The Raisina Dialogue DC

Washington DC | February 24, 2023

Background

As part of Raisina DC 2023, ORF America, along with Tech Mahindra, hosted a private roundtable (in-person) to facilitate a candid conversation about the future of global supply chains in the context of critical geopolitical developments with particular focus on the experience of business. Participants from the private sector, current and former U.S. and foreign government officials, think-tanks, and academic experts discussed different facets of this challenge. 

Summary

Global supply chains across industry sectors are undergoing structural changes following the Covid-19 pandemic, geopolitical disruptions, and recent commodity price volatility, creating redundancies and alternatives to mitigate risk. Participants noted that efficiencies gained from U.S. firms going paperless, such as in logistics, are not always translated across borders when the customs and border protection agencies of most international trade partners remain paper based. Incorporating technology and digitalization into tracking processes for shipping and tracking has become key for leading firms, but for companies operating in high-value industries where components for products circle the globe multiple times in manufacturing this is fundamental. During the pandemic and subsequent semiconductor shortage, examples were provided where a lack of supply chain resiliency or redundancy was damaging for key automotive and appliance manufacturing companies. For leading companies, supplier diversification for manufacturing inputs takes years, as firms want to verify the capability of additional sources.

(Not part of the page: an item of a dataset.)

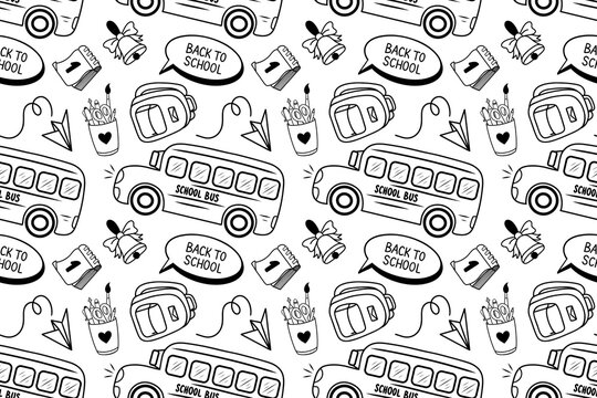 Seamless pattern school bus transport, backpack, school bell background. Doodle sketch style vector pattern. Perfect for textile, wrapping paper, greeting cards and posters for kindergarten.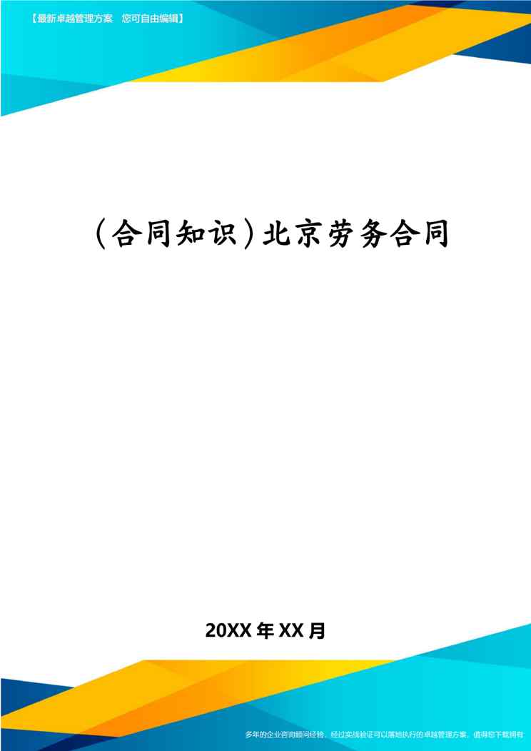 本站资深用户发布了最新的《(合同知识)北京劳务合同》文档,以下内容为预览,详细内容可下载阅读。 声明:本站所有文章,如无特殊说明或标注,均为本站原创发布。任何个人或组织,在未征得本站同意时,禁止复制、盗用、采集、发布本站内容到任何网站、书籍等各类媒体平台。如若本站内容侵犯了原著者的合法权益,可联系我们进行处理。

In many cases, national governments are providing incentives to re-shore, friend-shore, or “right-shore,” crucial elements of supply chains, while supply chain managers have begun to reconsider inventory management, scenario planning, and environmental sustainability with those factors in mind. Whether companies and consumers will be willing to absorb additional costs of products from a validated supply chain due to security concerns, remains an open question. Consumer education will play in a vital role in these areas. Past examples with diamonds and extractive industries focused on specific commodities or products, not entire supply chains.

Meanwhile, governments face challenges in determining what levers to pull for problem solving. In the United States, India, Europe, and East Asia participants shared that companies will continue to look to government for incentives to support their efforts because building manufacturing capacity for industries like aerospace, clean energy, and microelectronics is a massive, multiyear undertaking. Human talent development and acquisition of STEM workers, including in the fields of advanced engineering and logistics, is a key bottleneck in determining where and how supply chains and investments are routed. In the view of several participants, having universities co-located with manufacturing clusters will be essential going forward, as well as immigration policies allowing for the attraction of the best-trained workforce.